▸ What you are asked to do
As written and without pictures, set down the lines from the one that contains "전통한복이나 생활한복등 다양한" through the end of the data.

▸ Data block
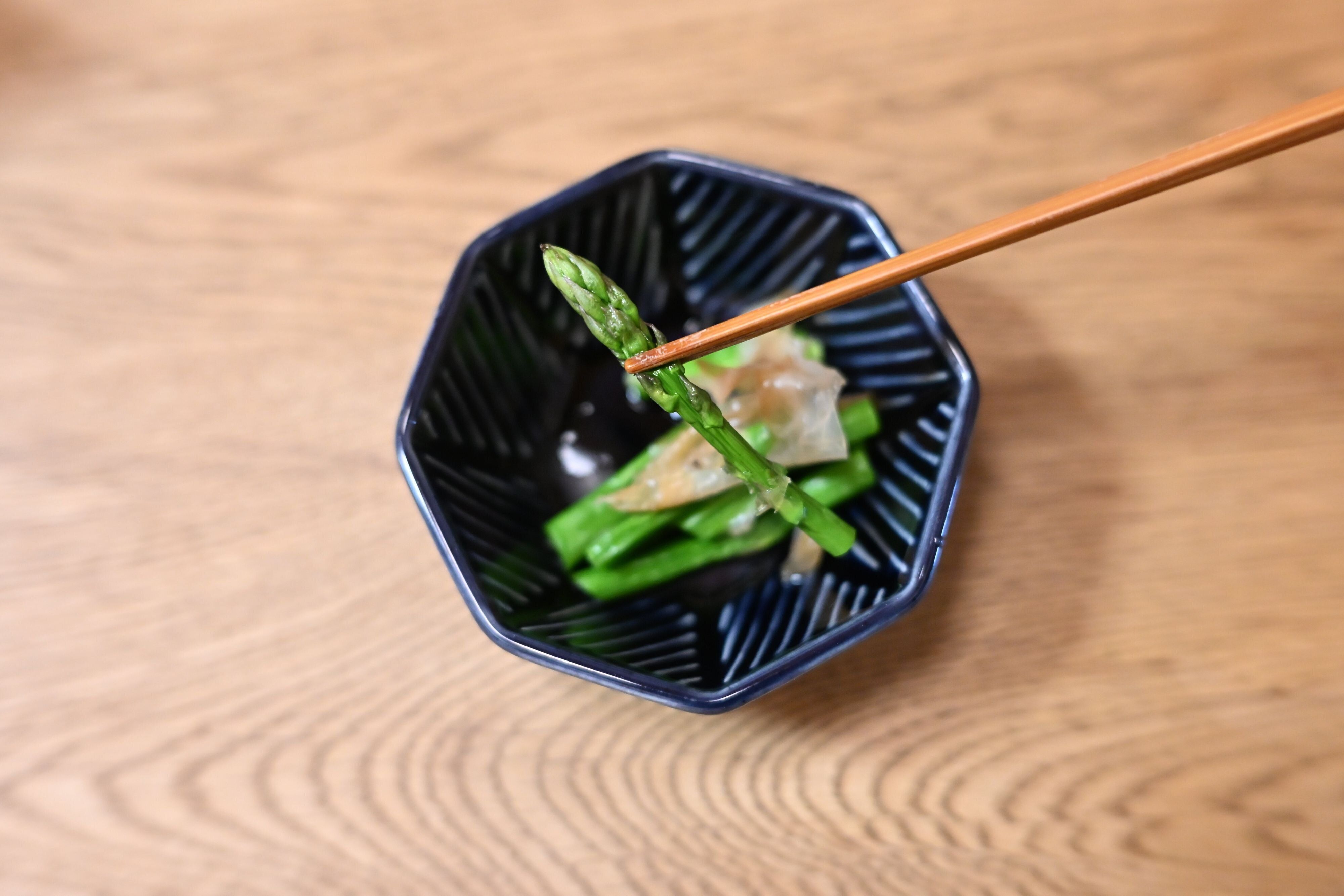 近所のスーパーで購入したアスパラガスを使い、白だしを使ったシンプルなお浸しを作ってみました。
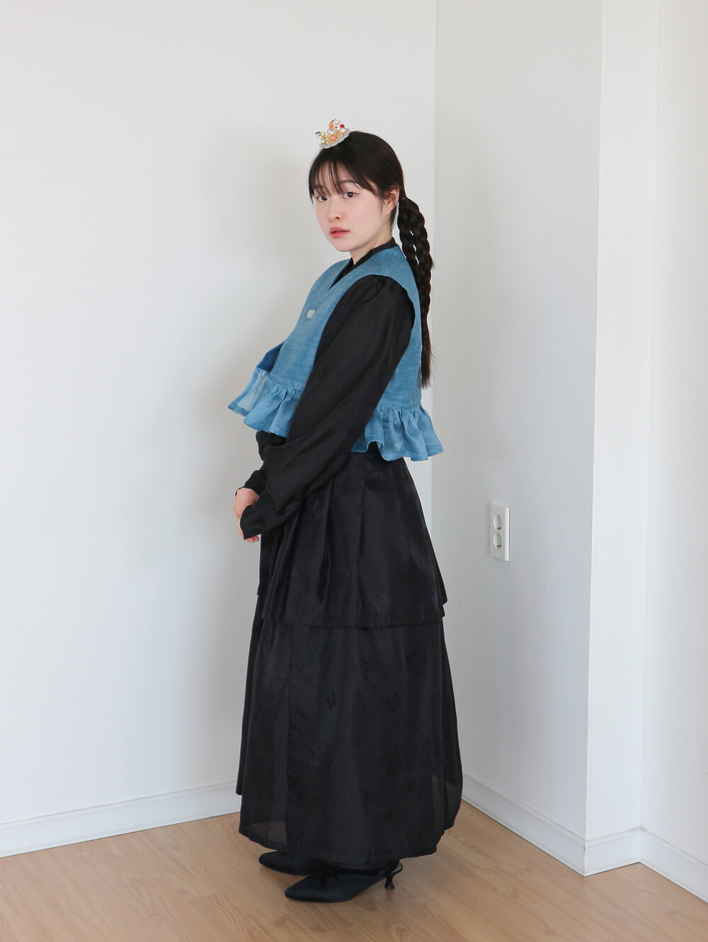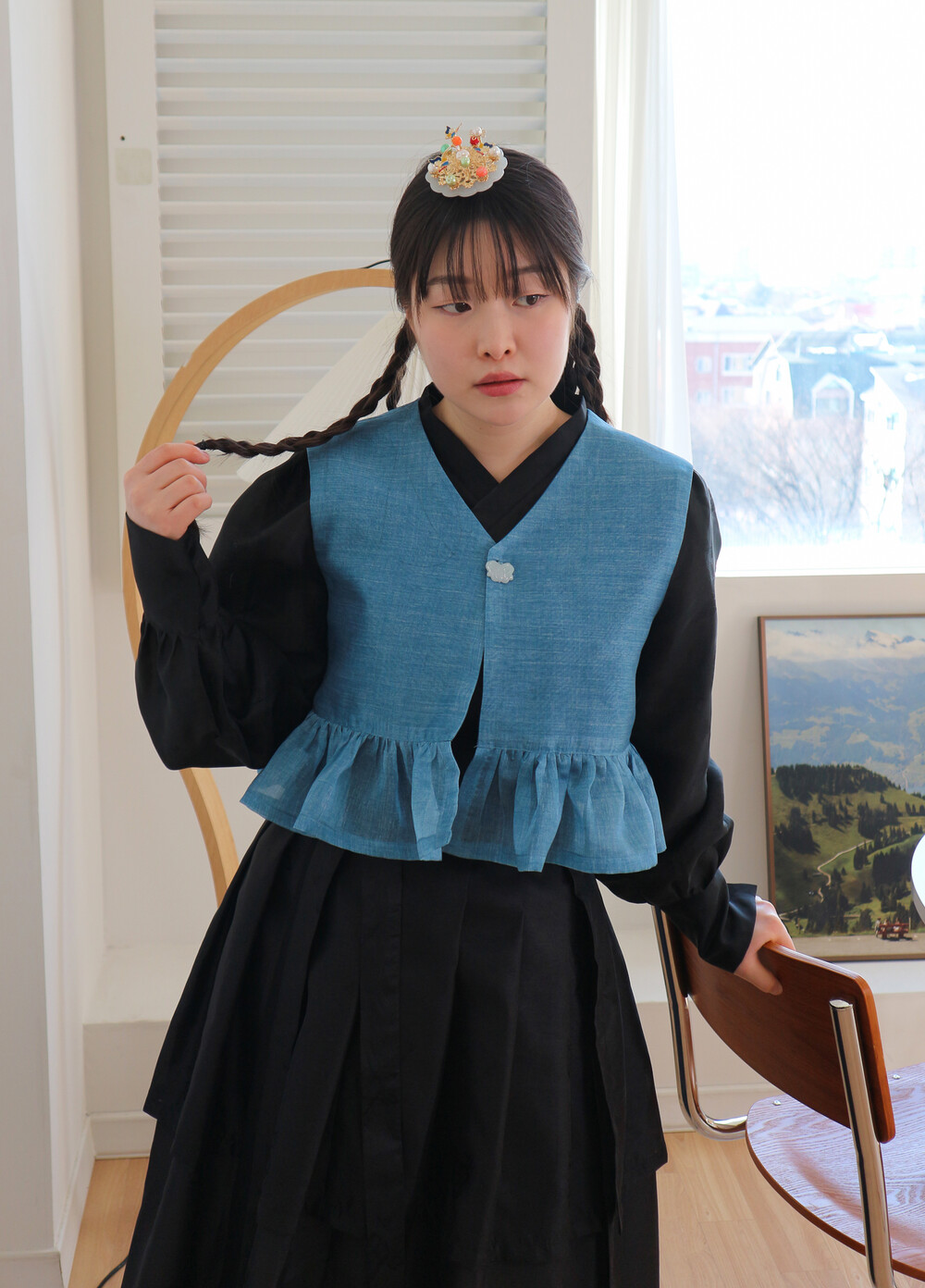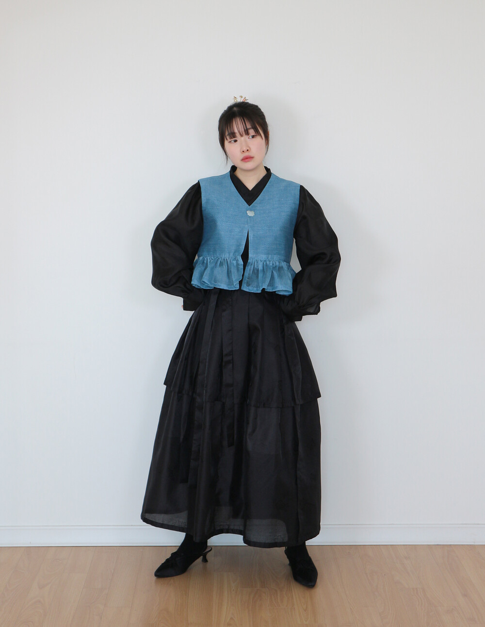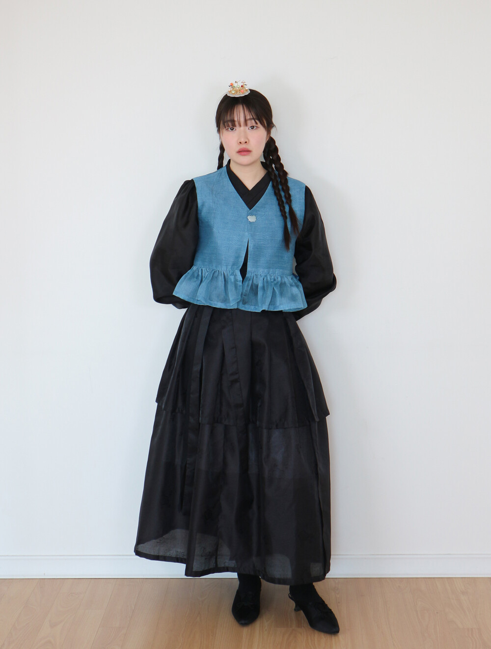 전통한복이나 생활한복등 다양한 룩에 함께 코디하기 좋은 배자입니다.배자 도련선을 따라 셔링 주름을 잡은 단을 더하여 사랑스러운 포인트를 더하였습니다.
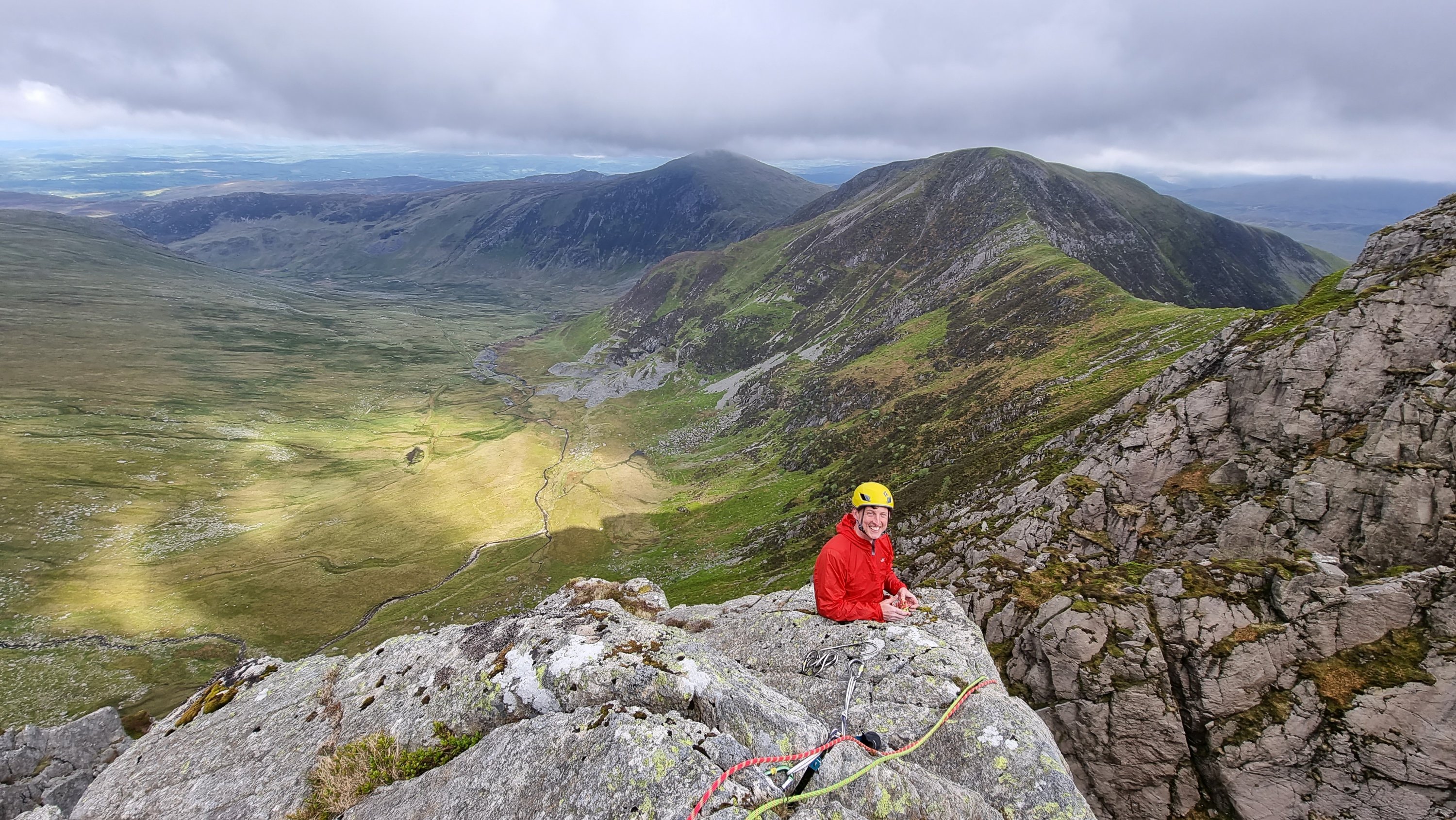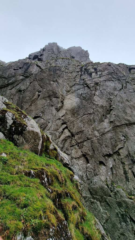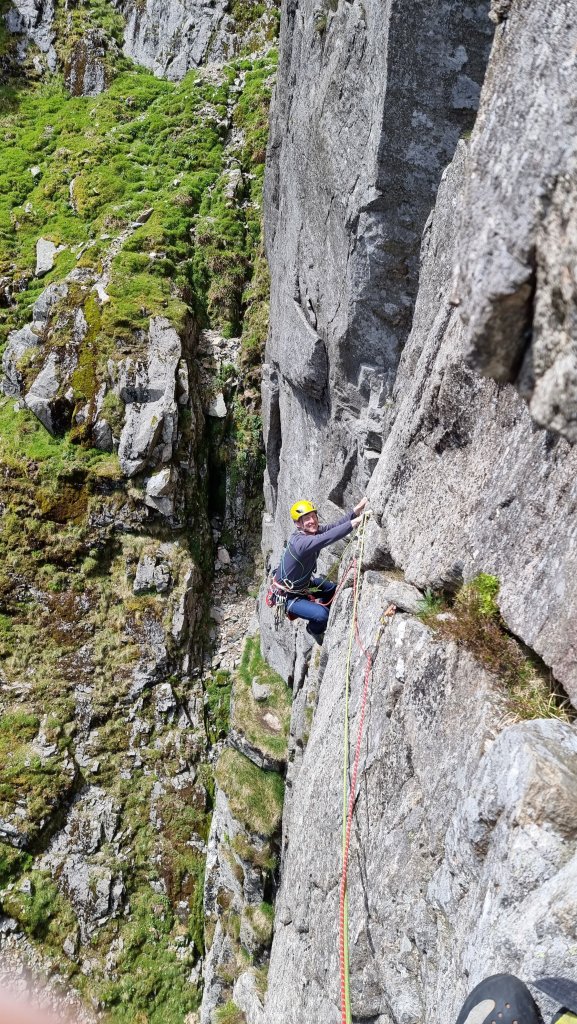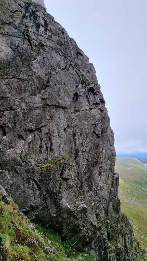 You might be surprised by the mention of abseiling, but this is the trick to a productive and pleasant day hereabouts. A 45m rap from the obvious spike at the top of the wall gives access to the commodious Bilberry Ledge, and another of 50m (from spiky flakes halfway along the ledge) lands you pretty much at the start of the routes Mur y Niwl and Aura. (there’s a rap station with fixed tat and a crab at the far left / gully side of the ledge, but this leaves you with a bit of a damp scramble at the end.)

▸ Your response
 전통한복이나 생활한복등 다양한 룩에 함께 코디하기 좋은 배자입니다.배자 도련선을 따라 셔링 주름을 잡은 단을 더하여 사랑스러운 포인트를 더하였습니다.
 You might be surprised by the mention of abseiling, but this is the trick to a productive and pleasant day hereabouts. A 45m rap from the obvious spike at the top of the wall gives access to the commodious Bilberry Ledge, and another of 50m (from spiky flakes halfway along the ledge) lands you pretty much at the start of the routes Mur y Niwl and Aura. (there’s a rap station with fixed tat and a crab at the far left / gully side of the ledge, but this leaves you with a bit of a damp scramble at the end.)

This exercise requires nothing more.